### EXTRACTED MATERIAL
== == ==
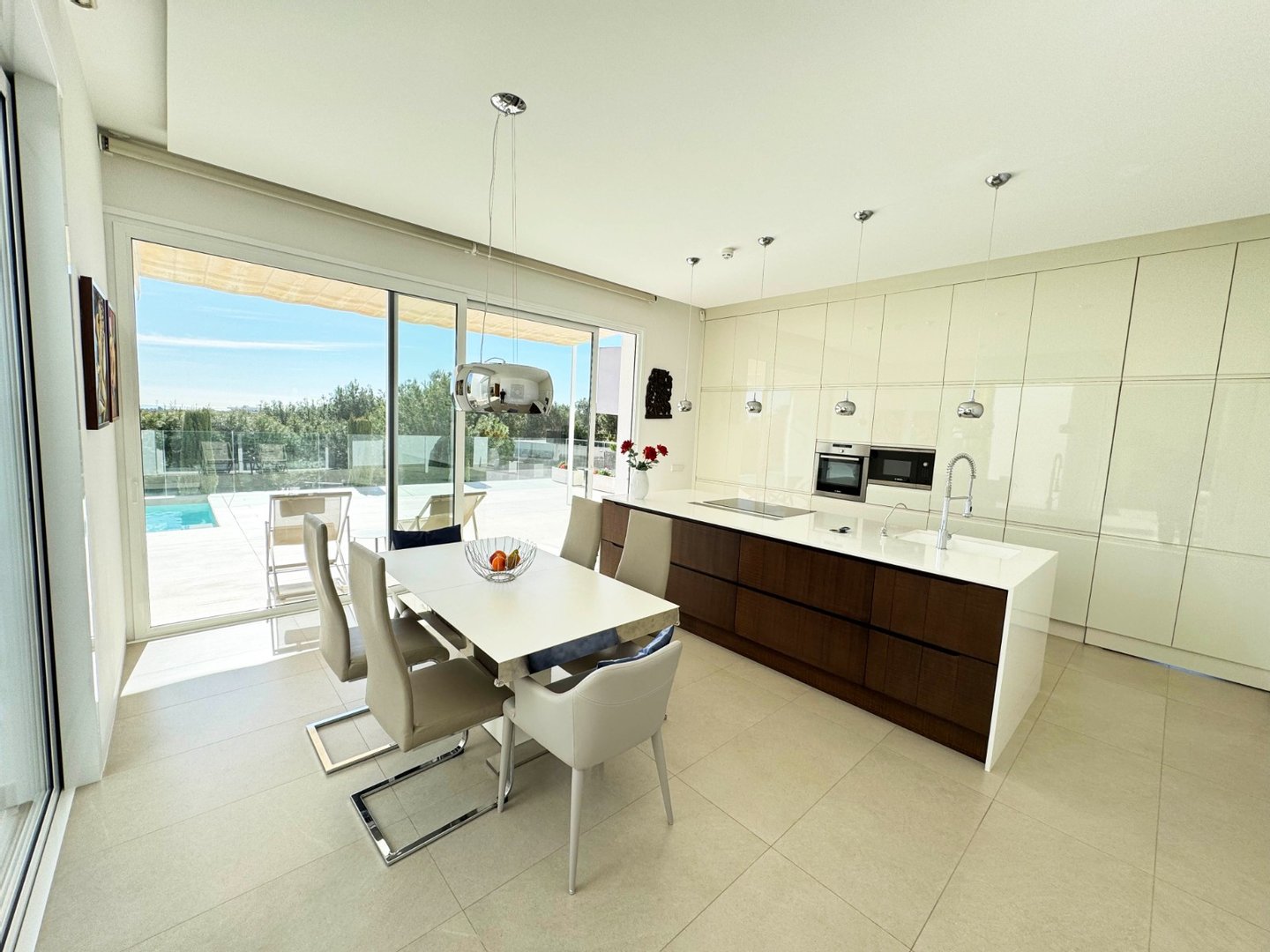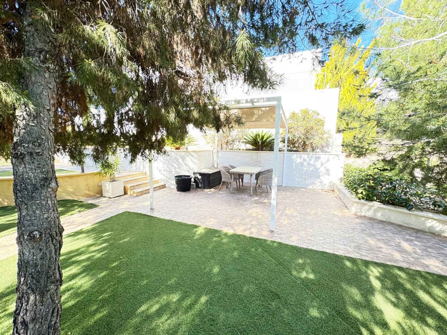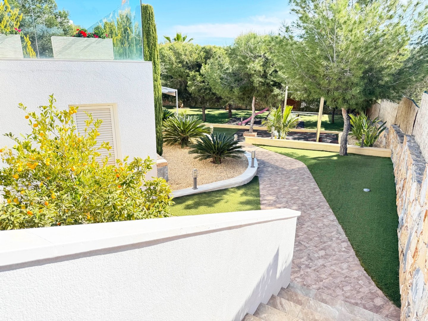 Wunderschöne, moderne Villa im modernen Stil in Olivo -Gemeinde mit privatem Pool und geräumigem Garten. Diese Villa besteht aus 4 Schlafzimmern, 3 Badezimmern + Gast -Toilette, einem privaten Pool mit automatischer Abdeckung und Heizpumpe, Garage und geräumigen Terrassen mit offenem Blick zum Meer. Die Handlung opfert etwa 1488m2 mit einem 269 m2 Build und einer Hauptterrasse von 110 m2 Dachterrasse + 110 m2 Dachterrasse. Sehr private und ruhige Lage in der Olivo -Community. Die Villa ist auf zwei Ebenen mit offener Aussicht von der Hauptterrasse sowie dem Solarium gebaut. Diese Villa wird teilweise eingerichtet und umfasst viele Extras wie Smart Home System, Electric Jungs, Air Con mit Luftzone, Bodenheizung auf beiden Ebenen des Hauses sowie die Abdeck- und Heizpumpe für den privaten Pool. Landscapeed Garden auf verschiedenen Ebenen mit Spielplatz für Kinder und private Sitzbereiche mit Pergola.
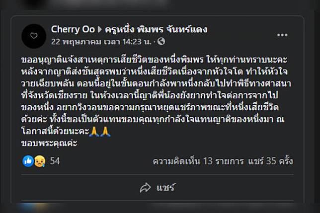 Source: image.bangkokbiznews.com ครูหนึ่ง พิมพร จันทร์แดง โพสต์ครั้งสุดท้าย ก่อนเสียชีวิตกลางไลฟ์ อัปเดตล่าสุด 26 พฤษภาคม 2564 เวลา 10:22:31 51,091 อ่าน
== == ==
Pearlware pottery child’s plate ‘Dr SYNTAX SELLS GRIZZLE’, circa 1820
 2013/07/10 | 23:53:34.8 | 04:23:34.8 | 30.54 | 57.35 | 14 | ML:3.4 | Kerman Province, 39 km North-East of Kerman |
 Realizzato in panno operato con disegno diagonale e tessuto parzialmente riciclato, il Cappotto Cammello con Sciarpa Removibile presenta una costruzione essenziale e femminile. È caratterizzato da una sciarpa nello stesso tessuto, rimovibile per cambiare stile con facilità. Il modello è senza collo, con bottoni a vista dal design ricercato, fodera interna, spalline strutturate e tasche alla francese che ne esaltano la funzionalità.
== == ==
### PROBLEM TO SOLVE
Beginning with the line that has "Pearlware pottery child’s" and ending with the line that has "Realizzato in panno", set down the lines above exactly and include no others.

### FINISHED EXERCISE
Pearlware pottery child’s plate ‘Dr SYNTAX SELLS GRIZZLE’, circa 1820
 2013/07/10 | 23:53:34.8 | 04:23:34.8 | 30.54 | 57.35 | 14 | ML:3.4 | Kerman Province, 39 km North-East of Kerman |
 Realizzato in panno operato con disegno diagonale e tessuto parzialmente riciclato, il Cappotto Cammello con Sciarpa Removibile presenta una costruzione essenziale e femminile. È caratterizzato da una sciarpa nello stesso tessuto, rimovibile per cambiare stile con facilità. Il modello è senza collo, con bottoni a vista dal design ricercato, fodera interna, spalline strutturate e tasche alla francese che ne esaltano la funzionalità.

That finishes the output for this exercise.